In connection with an amendment to the Company's bank credit facility, which was terminated in October, 2016, prohibiting the
Company from declaring or paying dividends on the Series B Preferred Stock, the Company suspended the quarterly
cash dividend on it Series B Preferred Stock beginning with the dividend payment due on April 15, 2016. Under the terms of the Series B
Preferred Stock, any unpaid dividends will accumulate. As of December 31, 2016, the Company has deferred three quarterly dividends and has
accrued a $5.1 million payable related to the three deferred quarterly dividends and the quarterly dividend that was payable on January 15, 2017,
which is included in other long-term liabilities on the Consolidated Balance Sheet. If the Company fails to pay six quarterly dividends on the
Series B Preferred Stock, whether or not consecutive, holders of the Series B Preferred Stock, voting as a single class, will have the right to elect
two additional directors to the Company's Board of Directors until all accumulated and unpaid dividends on the Series B Preferred Stock are paid
in full. The Multidraw Term Loan Agreement (see Note 9) currently restricts the Company from paying cash dividends on the Series B Preferred
Stock.
Mandatory conversion. The Company may, at its option, cause shares of the Series B Preferred Stock to be automatically converted at
the applicable conversion rate, but only if the closing sale price of the Company’s common stock for 20 trading days within a period of 30
consecutive trading days ending on the trading day immediately preceding the date the Company gives the conversion notice equals or exceeds
130% of the conversion price in effect on each such trading day.

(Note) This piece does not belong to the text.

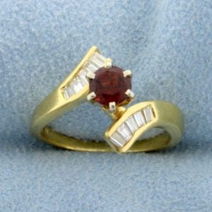 18k yellow gold ring with garnet center stone and 0.5-ctw baguette-cut diamond accents, F color, VS clarity. Photo courtesy of liveauctioneers.com…
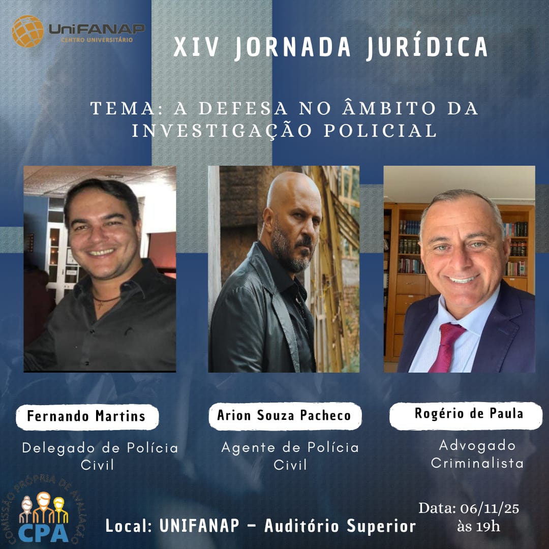 O curso de Direito do UniFANAP realizará, no dia 6 de novembro de 2025, a XIV Jornada Jurídica. As palestras ocorrerão nos períodos matutino e noturno, oferecendo uma oportunidade ímpar para debater temas atuais e promover a integração entre acadêmicos e profissionais da área do Direito.

Conversion rights. Each share of Series B Preferred Stock may be converted at any time, at the option of the holder, into 0.8608 shares
of the Company’s common stock (which is based on an initial conversion price of approximately $58.08 per share of common stock, subject to
further adjustment) plus cash in lieu of fractional shares, subject to the Company’s right to settle all or a portion of any such conversion in cash or
shares of the Company’s common stock. If the Company elects to settle all or any portion of its conversion obligation in cash, the conversion
value and the number of shares of the Company’s common stock it will deliver upon conversion (if any) will be based upon a 20 trading day
averaging period.
Upon any conversion, the holder will not receive any cash payment representing accumulated and unpaid dividends on the Series B
Preferred Stock, whether or not in arrears, except in limited circumstances. The conversion rate is equal to $50 divided by the conversion price at
the time. The conversion price is subject to adjustment upon the occurrence of certain events. The conversion price on the conversion date and the
number of shares of the Company’s common stock, as applicable, to be delivered upon conversion may be adjusted if certain events occur.
-------------------------
You can find this stuff yourself in the Annual Report.
Dan Steffens
Energy Prospectus Group
Energy Prospectus Group
Re: PetroQuest Energy (PQ)
Thanks. It may be a reasonable bet if you trust the management.
Re: PetroQuest Energy (PQ)
Can you give us any reason that we should not trust PQ management?